Do not waste your Money on a Hilason :wink:

Look up Hilason Trail Saddles

No idea why a few got good reviews, but people give the 150.00 ebay saddles good reviews on occasion :lol::lol::lol:

There are too many other Junk Brands besides Hilason to name all of them.

Good Treeless Saddles are expensive, but some Brands to look at: Bob Marshall, Freeform, Sensation, Barefoot, Ansur.


.


----------



## Thoroughbredlover33 (Mar 19, 2014)

Don't do it. Don't touch Hilason saddles. My friend had one that she gave to me because it didn't fit her right, and I used it once before just throwing it away. I refused to sell it because of how cheap and awful it was.
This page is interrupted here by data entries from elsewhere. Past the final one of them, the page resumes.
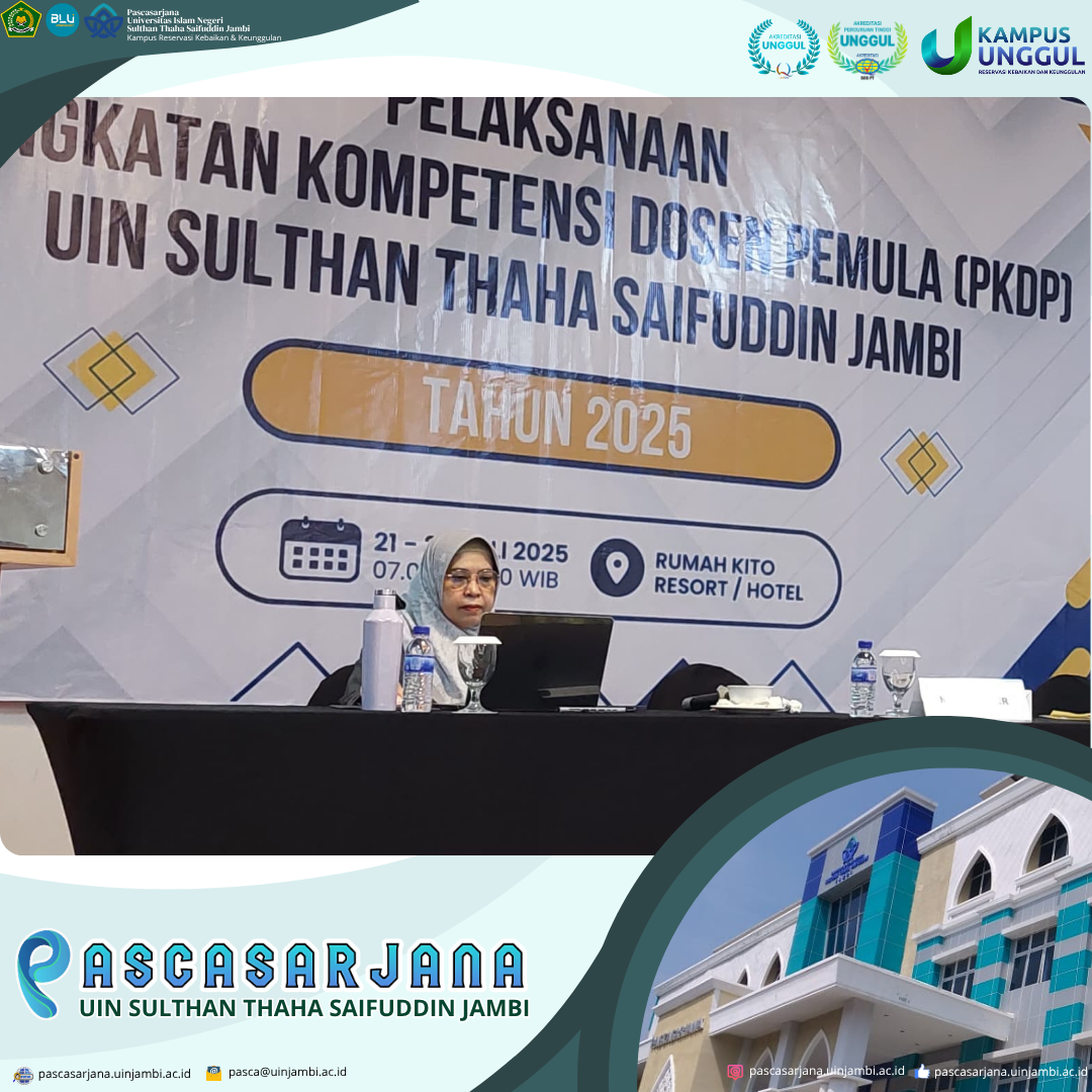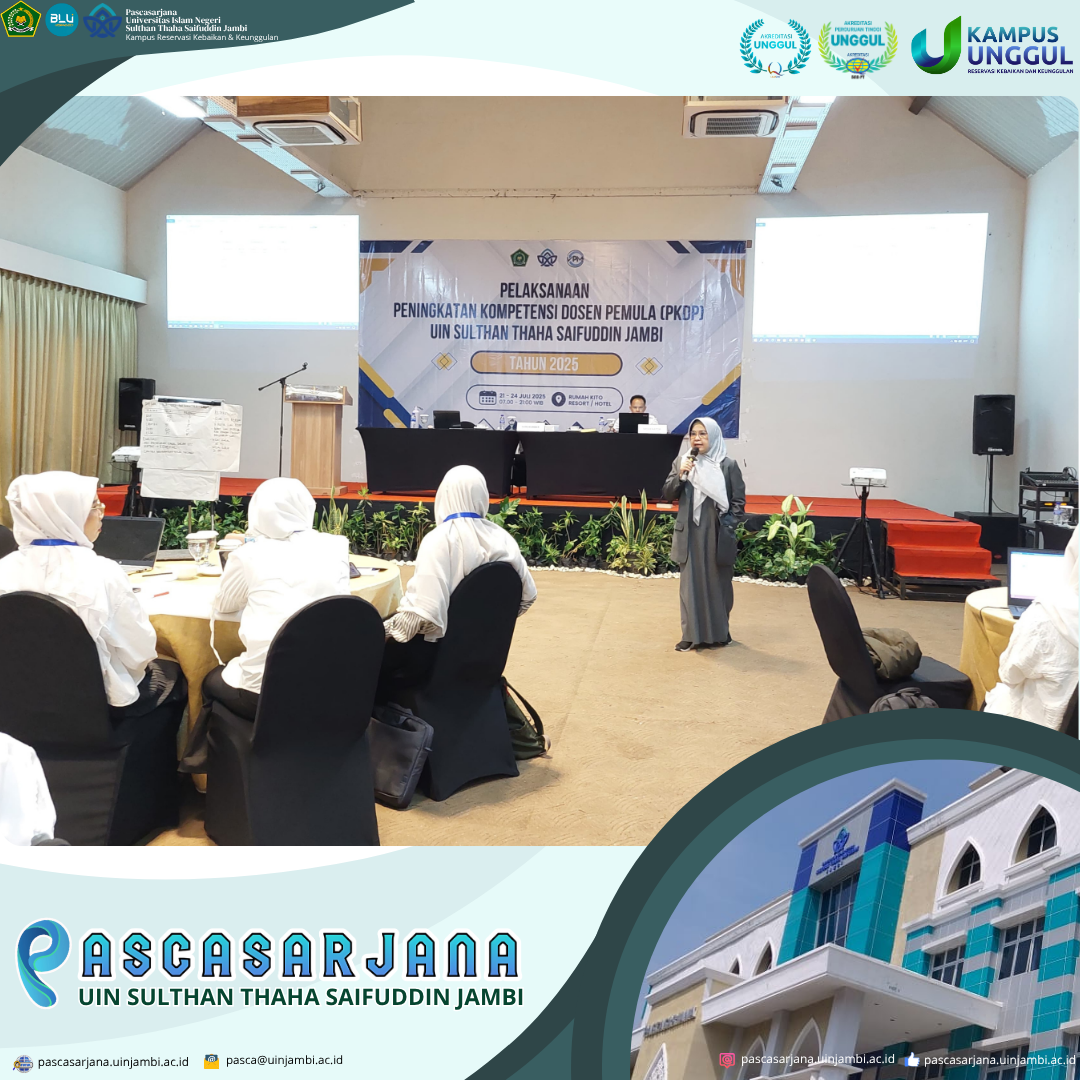 Jambi, 22 Juli 2025 – Direktur Pascasarjana Universitas Islam Negeri Sultan Thaha Saifuddin (UIN STS) Jambi, Prof. Dr. Risnita, M.Pd., tampil sebagai narasumber dalam kegiatan Peningkatan Kompetensi Dosen Pemula (PKDP) yang diselenggarakan oleh UIN STS Jambi. Kegiatan ini merupakan bagian dari program strategis pengembangan kapasitas dosen baru di lingkungan perguruan tinggi keagamaan Islam negeri.
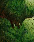 筋肉のような筋を想像しながら、それでも虫っぽさを持たせるため、ちょっと大胆に緑と赤で筋を表してみました。ブラシでそれらしく筋を何本か引きます。これは緑にしました。大きさは適当です。ラインを引いたら描いた範囲を選択範囲に指定し、境界を黒で描きます。
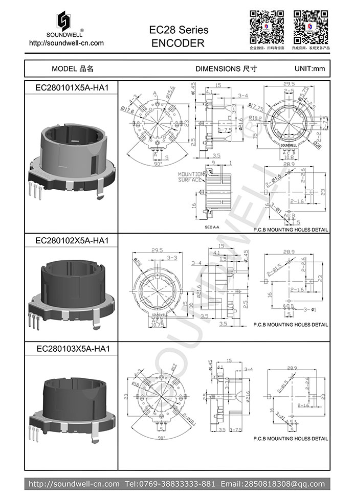 | Main Specifications: | Dimensions: ∮28mm Rated voltage: DC 10V; Number of detent: 18/30; pulses: 15/18; Working temperature: -40°C~85°C; Rotational life: 50,000 cycles Min |
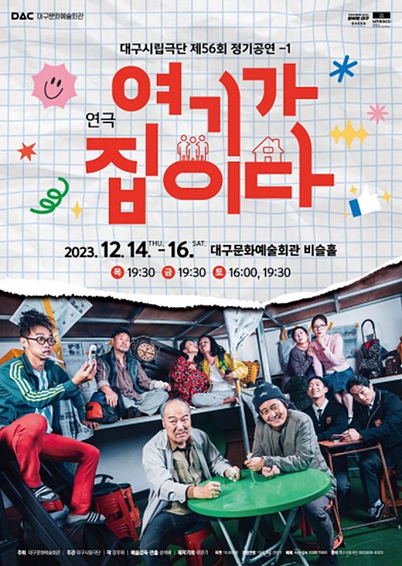 대구시립극단은 12월에 제56회 정기공연으로 소극장 연극 두 편을 연이어 선보인다. 첫 작품은 <여기가 집이다>로 12월 14일(목) ~ 16일(토) 대구문화예술회관 비슬홀에서, 두 번째 작품은 <모두의 남자>로 12월 21일(목) ~ 23일(토) 소극장 길에서 공연한다.
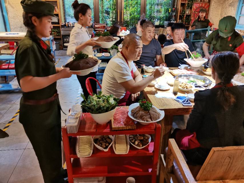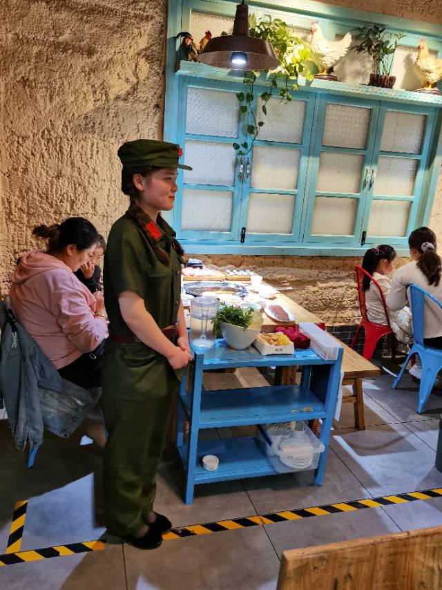 店里服務員的裝束也是很特別的,這是在人民公社的大食堂嗎?

If you want to get a cheap treeless saddle, you'd be best off getting a used one if your budget is $600 or lower.


----------



## TrailPixie (Dec 31, 2014)

I bought a Hilason treeless saddle years ago...probably when they first came out. It was very poor quality and uncomfortable for both my horse (a Tennessee Walker) and myself. The velcro holding the seat down ripped & the stirrup ring stitching started coming loose after MAYBE 8 uses. They were more expensive then than they are now, but not worth it in my opinion. Unless they've made a lot of improvements.


----------